The Android people at Google, they’re no fools. The current lame task switcher is a sign, if anything, that there is a big fat real-task-switcher branch that their work is going into. It needs to land soon. This is the year that people are picking up and trying Android. They need to be able to say, “hey, I’m not using that app right now and it’s using my battery for no good reason.” DELETE. Otherwise, their experience will be bad.

The difference between this and the old model is simple: you don’t quit applications that might be wasting resources, you remove applications that you know are. You aren’t managing tasks, you’re firing applications. It raises the awareness of programmers making the apps too, and the incentives to write a well behaved app.

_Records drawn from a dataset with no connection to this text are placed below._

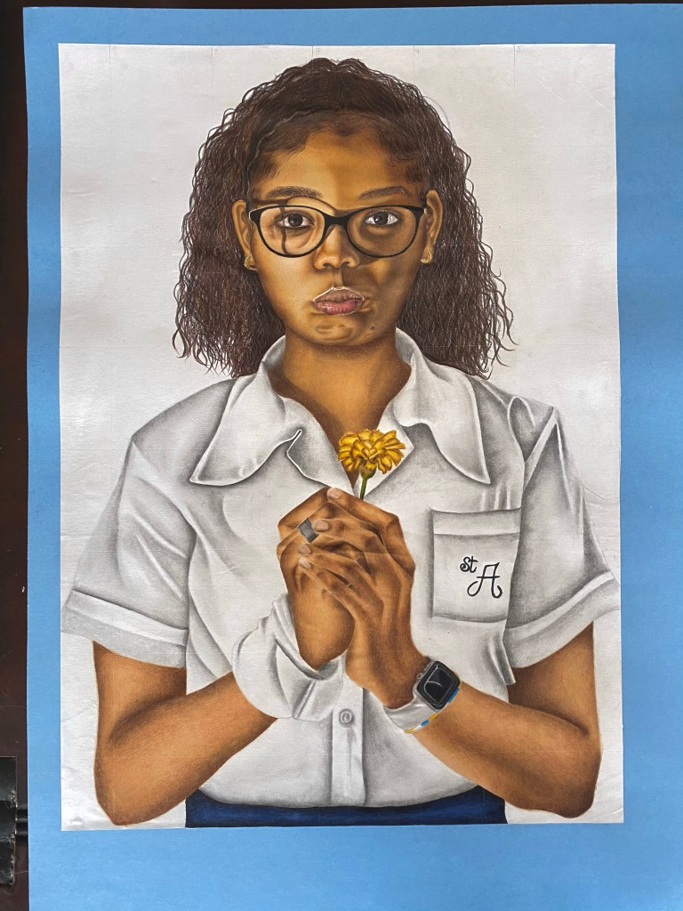 This piece is a hyperrealistic coloured pencil on canvas self-portrait. I created this piece from a reference. To create this piece I had to test my skills in realism and working with coloured pencils, which before the creation of this piece I was not fully comfortable with.
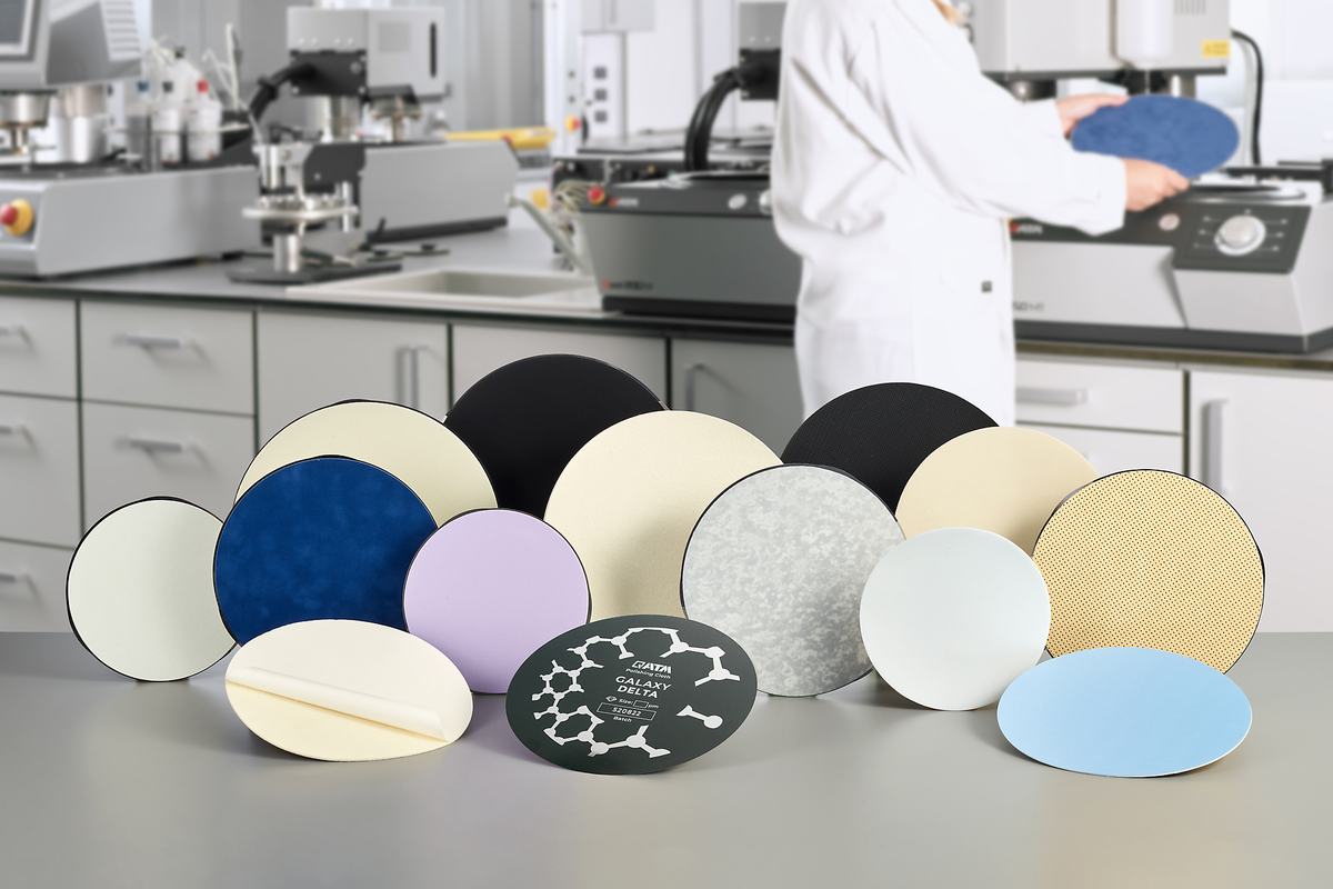 要获得无变形、无浮雕的抛光效果,选择合适的抛光布至关重要。抛光布的材料和质地(丝绸、人造丝、合成纤维、羊毛织物、毛毡、植绒或发泡合成纤维织物)以及由此产生的冲击弹性在选择合适的抛光布时起着决定性作用。可提供不同的固定系统(GALAXY 金属盘和磁性膜搭配或自粘抛光布和GALAXYX-Tap转换盘搭配使用)。GALAXY 抛光布采用 QPREP 防滑背衬,即使在高接触压力和试样夹具满载的情况下也能承受高剪切力,确保抛光过程始终稳定。
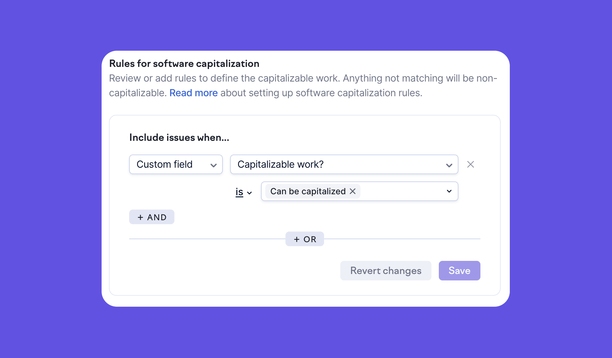To get started, you’ll define the rules determining what counts as capitalizable work. This typically involves setting up filters in Swarmia that align with your existing issue tracker setup, such as labeling capitalizable epics or categorizing work under specific initiatives.
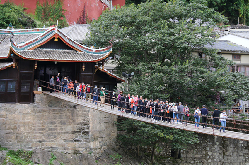 游客參觀瀘定橋。
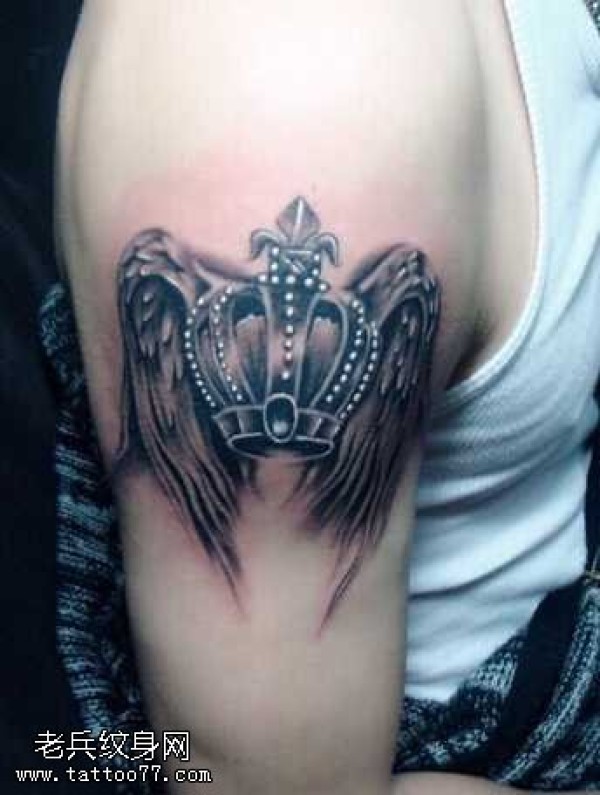 胳膊个性翅膀皇冠纹身图案
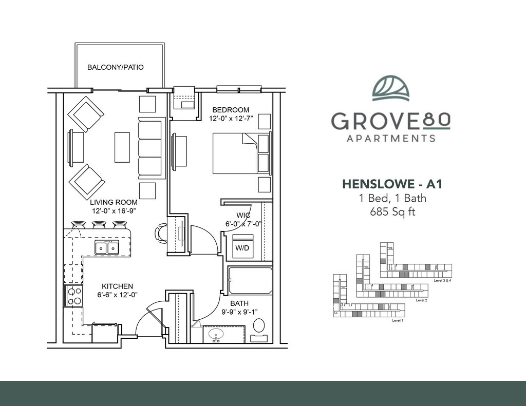 Apartment Model: Henslowe - A1$1,5001 Bedroom, 1 Bath, 685 sq ftAvailable December 10, 2025![]()
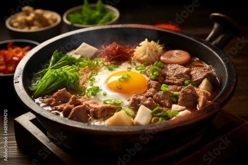 An Exquisite Sukiyaki Meal Cooked in a Classic Japanese Style, Featuring Beef and Tofu in a Savory Broth
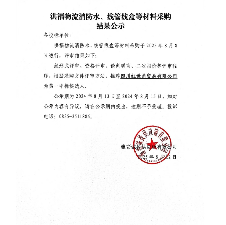 洪福物流消防水、線管線盒等材料采購結(jié)果公示
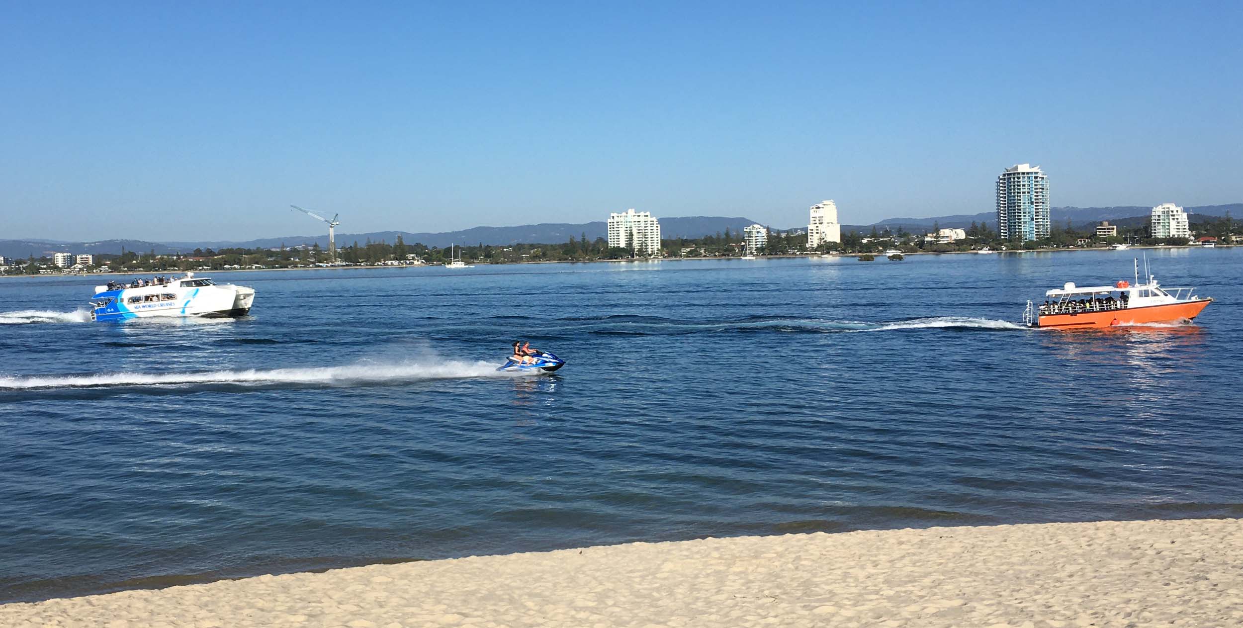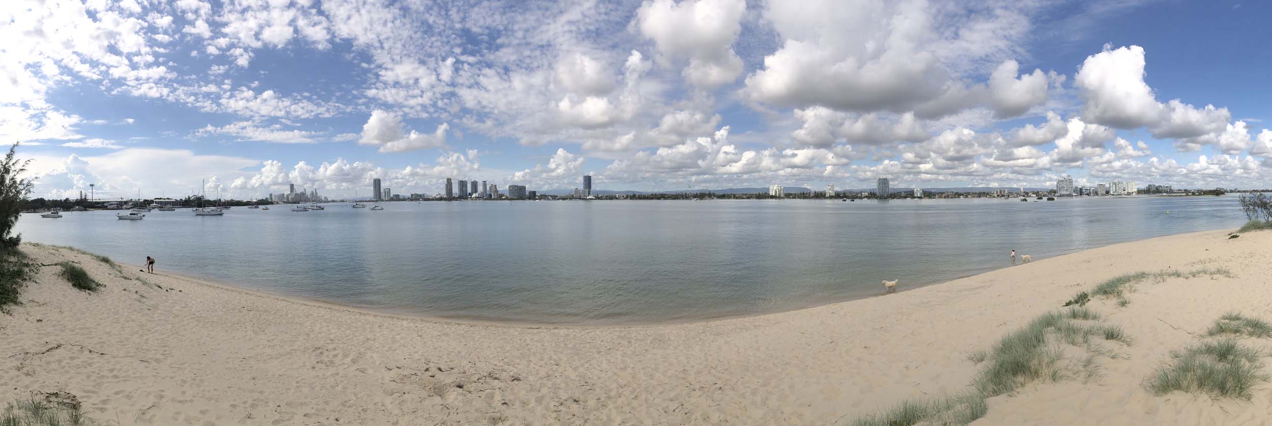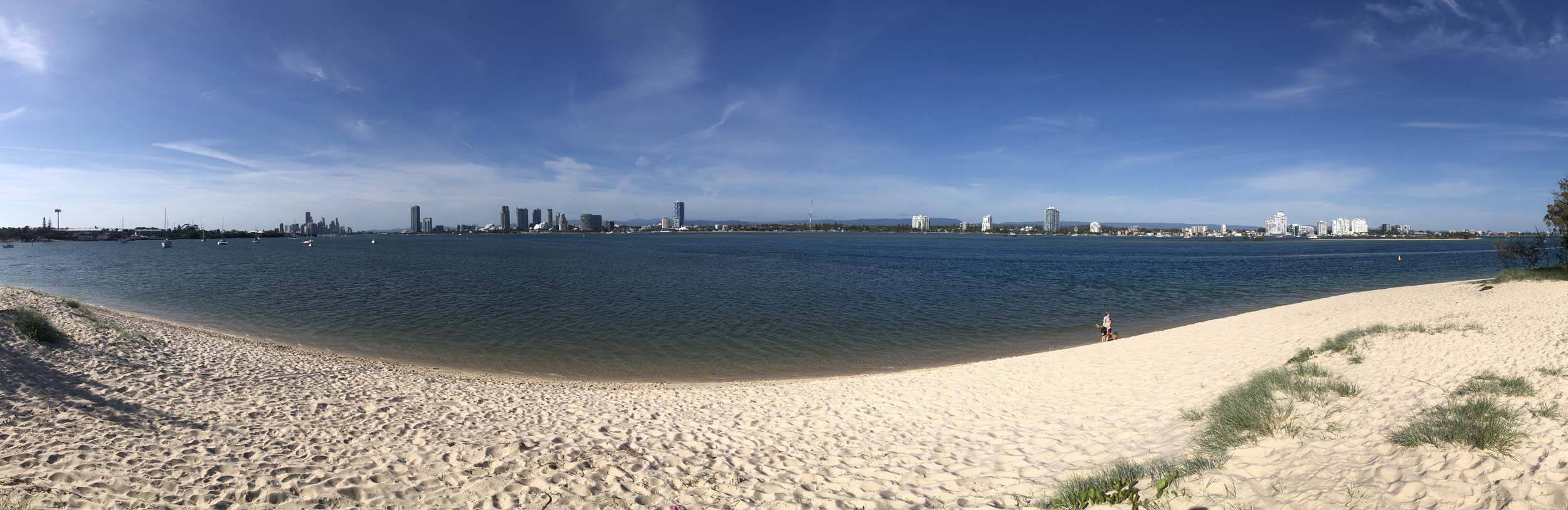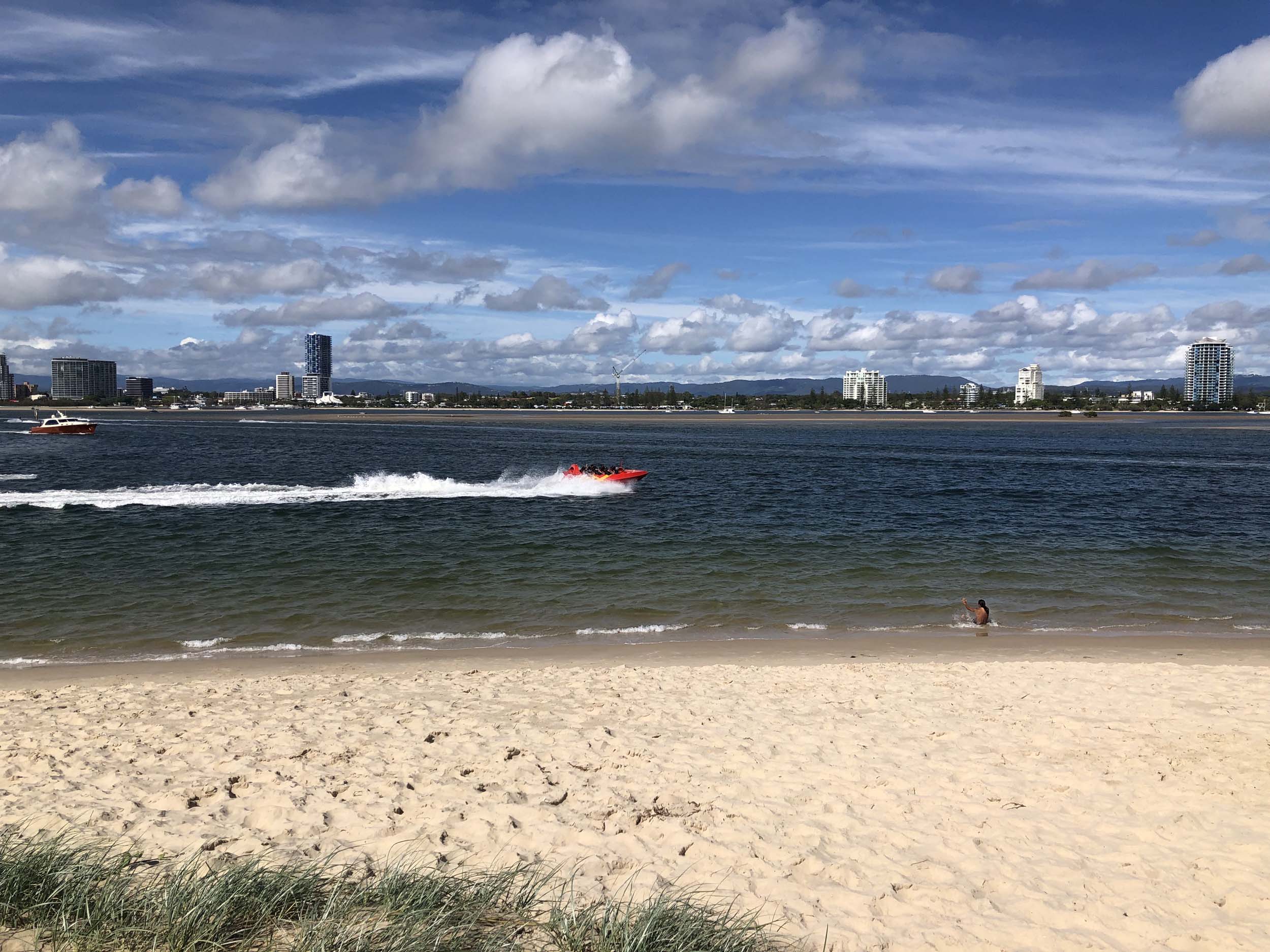 I left at 9:05 am, the breeze was light from the South and building, the Broadwater had a light chop.
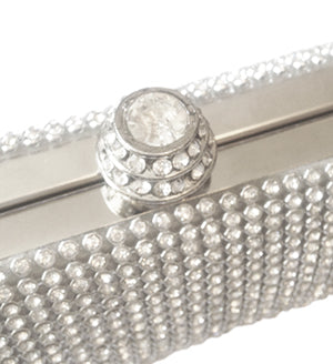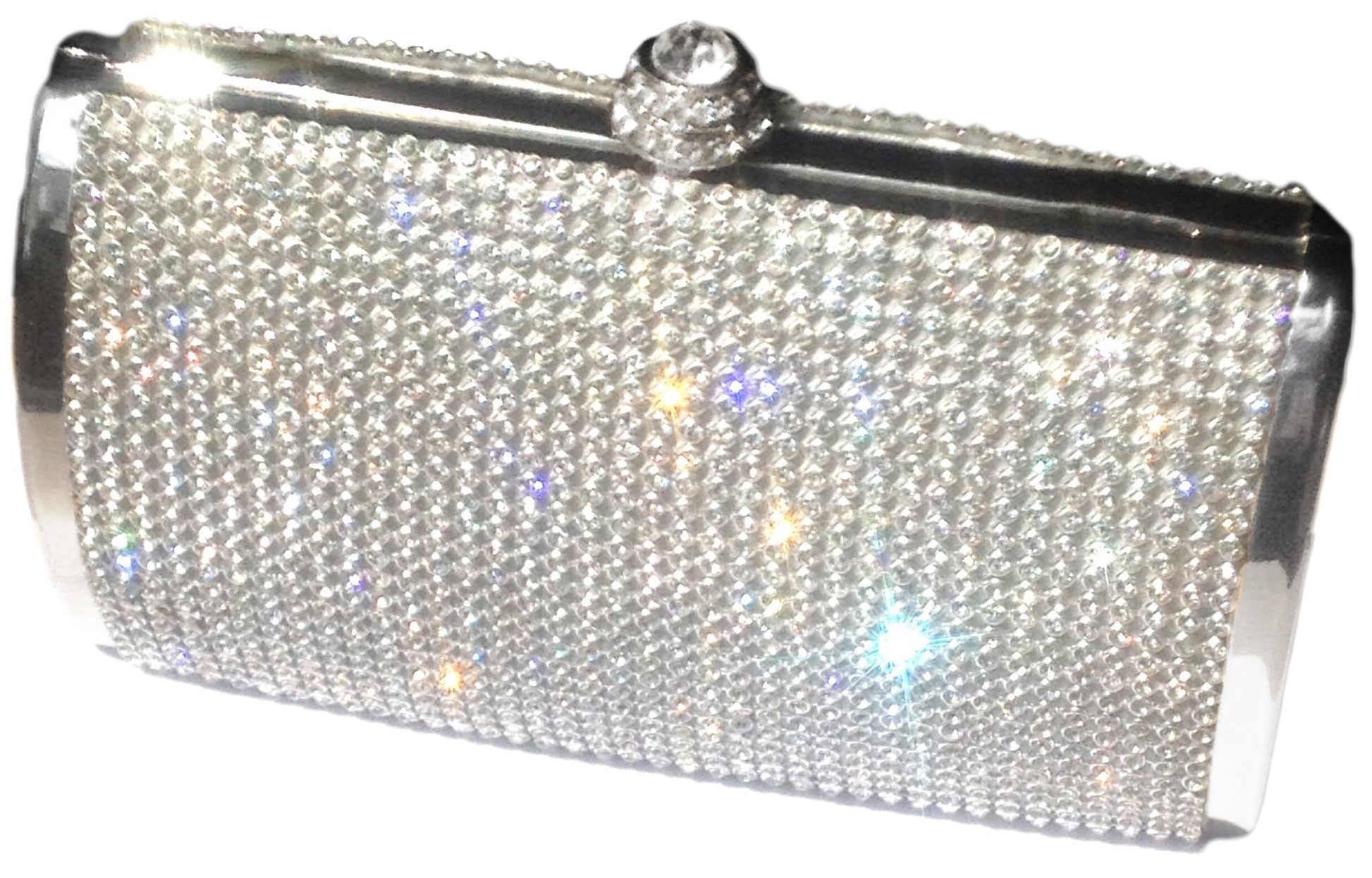 This beautiful sparkling clutch bag is covered with a multitude of crystals on the front and back. The sides are secured in a silver toned metal. This clutch bag has a solid exterior, the interior has a soft inner lining.
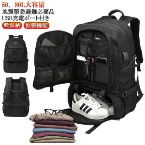 地震 災害対策 50L 80L 拡張機能 靴収納 USB充電ポート付き リュックサック 大容量 リュック メンズ ビジネスリュック バックパック ラッ

By filling that information gap, we can finally reach a level of abstraction that many of us have been anticipating for decades: applications that are just there. Your trusty software is always available, right where you left it and doing only what you told it to do.

Apple thinks they can guide us into that future with an army of bureaucrats, who are surely enrolled in profiler training courses at this moment. It’s surprising how long that is taking, actually; it has made their cherished new product unveiling the butt of resonant jokes. And when they finally start to white-list ‘background’ apps it will at least be one helpful purpose of their degrading software approval exercise. But even so, a platform that enlists informed masses to collectively rank software will run circles around one administered by, well, your dad.

Just ask the first company that tried to fight off Google with an army of classifiers.